It's pretty clear that the bottleneck in your program is the search for candidates . Given the Spark architecture, this severely limits your ability to parallelize and incurs significant overhead when starting Spark for each user.
Assuming a typical scenario: 7 million users and a billion products more time, you will predict the entire spectrum of products minus several already purchased by the user. At least in my opinion, an important question is why even bother with filtering. Even if you recommend a product that was previously purchased, is it really harmful?
If you have very strict requirements, I will simply ignore the problem and use MatrixFactorizationModel.recommendProductsForUsers , which pretty much does all the work, excluding data export, for you. After that, you can do bulk export, and you're good to go.
Now let's say that you have a clear policy without duplicates.
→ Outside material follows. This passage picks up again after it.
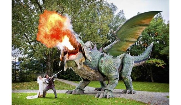 Hum Posted September 14, 2013 Share Posted September 14, 2013 Broadsword? Check. Shield? Check. Liquid courage? Gulp! OK, you're ready to take on the dragon.At nearly 30 feet high, this fire-breathing monster looks unreal enough, but it's very real indeed. It's also the world's largest walking robot, according to the new "Guinness World Records 2014" book, released Thursday.Built by Germany's Zollner Elektronik AG, an electronics maker, Tradinno the dragon is 51 feet long and has a wingspan of 40 feet.Tradinno, a play on "tradition" and "innovation," can walk around, flap its leathery wings, and breathe fire from its mouth and nostrils. The 11-ton mechatronic beast may not be able to fly, but it sure can make an impression.The dragon is a complex radio-controlled quadruped running on a 2.0-liter turbo diesel engine with two hydraulic circuits, 272 hydraulic valves, 65 animated axles, and 238 sensors, according to Zollner. It has 984 feet of hydraulic lines, more than 4,200 feet of electric cables, and 360 feet of pneumatic lines.Add to that nine modular control units, each with Texas Instruments digital signal processors and Fujitsu communication microcontrollers.Getting the dragon to walk properly was no mean feat. Each leg has seven mobile degrees of freedom, allowing it to walk around corners and even move laterally. The company says it took out a patent on the control concept in combination with the walking algorithm.Tradinno's wings are sheathed in polyurethane and reinforced plastic. Its main function is to act in a play, so veins are filled with 21 gallons of stage blood, while 24 pounds of liquid gas allow it to spit fire.When the monster isn't strutting its stuff, it gets from place to place on an all-wheel drive 2.0-liter turbo diesel transport vehicle. Not as cool as flying but still pretty boss."Realizing a radio remote-controlled, outdoor-capable four-legged robot walking robot in unheard-of dimensions, was what really motivated the developers and designers at Zollner Elektronik AG," the company writes."The other fascinating aspect for the team was the fact that the mechatronic system was to star in the oldest German folk play."That piece of theater would be the Bavarian town of Furth im Wald's play "Drachenstich." I've never heard of it either, but now I definitely want tickets.source & video Link to comment Share on other sites More sharing options...

Working on the assumption that a typical user has purchased only a relatively small number of products, you can start by getting a set of products for each user:
val userProdSet = buy_values .map{case (user, product, _) => (user, product)} .aggregateByKey(Set.empty[Int])((s, e) => s + e, (s1, s2) => s1 ++ s2)
Then you can simply display userProdSet to get predictions:
// Number of predictions for each user val nPred = 30; userProdSet.map{case (user, prodSet) => { val recommended = model // Find recommendations for user .recommendProducts(_, nPred + prodSet.size)) // Filter to remove already purchased .filter(rating => !prodSet.contains(rating.product)) // Sort and limit .sortBy(_.rating) .reverse .take(nPred) (user, recommended) }}
You can further improve with changeable aggregation kits and by translating the model, but this is a common idea.
If the number of users in user_ids less than the number of users in the whole set ( buy_values ), you can simply filter userProdSet to save only a subset of users.